Critical timeline: what happens when

  • July 1, 2026: RAP launches; new borrowers only receive Standard or RAP
  • July 1, 2028: SAVE, PAYE and ICR eliminated; only IBR and RAP remain
  • After July 1, 2028: Existing borrowers who have not made a choice will be automatically enrolled in IBR or RAP

Parent PLUS: Big changes

Warning: Parent PLUS loans taken out after July 1, 2026 are eligible for standard repayment ONLY; there are no income-driven options at all. If you have existing Parent PLUS loans and want income-related payments, you must consolidate AND enroll in IBR before July 1, 2028.

PSLF still works, but differently

Public Service Loan Forgiveness continues to forgive after 120 qualifying payments (10 years). But here’s the catch: Your RAP payments will likely be higher than SAVE payments, meaning you’ll have a smaller balance to forgive at the end.

For some PSLF fighters, this could actually reduce the overall benefit. Run the numbers for your situation.

What to do now

  • If on SAVE/PAYE/ICR: You can stay until July 2028, no rush
  • If you are considering graduate school: If possible, borrow before July 1, 2026
  • If you have Parent PLUS: Consolidate and register for IBR before the deadline
  • If you are pursuing PSLF: Calculate whether RAP or sticking to the current plan is better
  • Everyone: DO NOT take on new loans after July 2026 unless absolutely necessary. This activates RAP for ALL your loans

Math doesn’t lie. For many borrowers, RAP means higher payments and longer forgiveness periods. But the interest subsidy and repayment soften the blow. Know your numbers before you panic.–Steve Rhode

Not sure which path makes sense for your situation? Take my Find Your Path quiz for personalized guidance based on your specific circumstances.

Key Takeaways

  • RAP launches on July 1, 2026 as the new income-driven standard
  • Payments are 1-10% of ALL earnings, with a minimum of $10
  • Forgiveness extends to 30 years (from 20 to 25 years)
  • 100% interest subsidy + up to $50 principal matching
  • Taking out new loans after July 2026 will force ALL loans into RAP
  • PSLF remains valid for 10 years, but payments will be higher

Frequently asked questions

Can I keep my current IDR subscription?

If you do not take out a new loan after July 1, 2026, you can remain on SAVE, PAYE or ICR until July 1, 2028. After that, only IBR and RAP are available. You can choose either or be automatically enrolled.

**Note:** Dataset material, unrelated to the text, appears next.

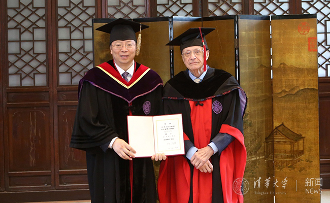 清华新闻网4月26日电 (通讯员 孙丽娟)4月25日,beat365英国官方网站在工字厅授予法国科学院院士、法兰西学院荣休教授让-皮埃尔·塞尔(Jean-Pierre Serre)名誉博士学位,校长邱勇院士向塞尔教授颁发名誉博士学位证书。

What if I have almost 20 years of forgiveness on SAVE?

Your existing timeline for forgiveness should be protected if you continue on your current plan through July 2028. The 30-year timeline mainly affects new borrowers and those transitioning to RAP. Check this with your service technician.

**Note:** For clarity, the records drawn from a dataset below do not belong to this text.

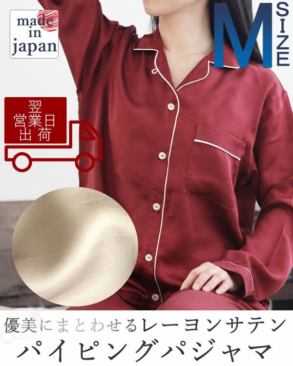 レーヨンサテンレディースパジャマ上下セット・長袖/前開き/開襟パイピング
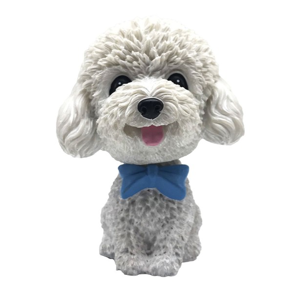 IBWell Mini Bobbing-Head Dog for Car Dash Board Decor,Dashboard Doggy Puppy Teddy Toy with Adhesive Tab(Poodle) (White)
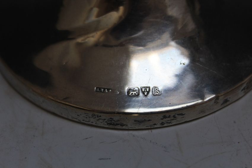 A PAIR OF HALLMARKED SILVER CANDLESTICKS BY S BLANCKENSEE & SON LTD - CHESTER 1927, in an Arts & Crafts style, having filled bases, H 14.25 cm
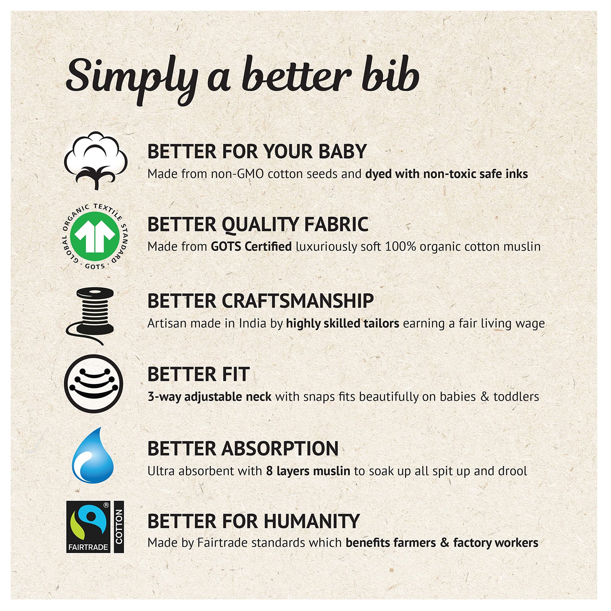 - Q: Is the bib made using sustainable practices? A: Yes, the bib is ethically made in a Fair Trade Certified factory and uses Non-GMO organic cotton, reflecting sustainable practices.

Is RAP better or worse than SAVE?

For most borrowers, RAP means higher monthly payments. But the 100% interest subsidy remains, and principal matching is new. If you have a very low income, RAP’s $10 minimum is worse than SAVE’s $0 option. If you have a higher income, the difference is smaller.

What about income-related repayment (ICR)?

ICR will be eliminated as of July 1, 2028. If you are currently using ICR, you must switch to IBR or RAP before that date.

Should I rush to take out loans before July 2026?

If you do plan to borrow (for high school or otherwise), borrowing before July 1, 2026 will maintain your access to current IDR subscriptions. But don’t borrow money you don’t need just to meet a deadline.

(Source: Saving for college)

Consumer debt expert and investigative writer. Survivor of Personal Bankruptcy (1990). Award-winning author of the Washington Post. Exposing debt fraud since 1994.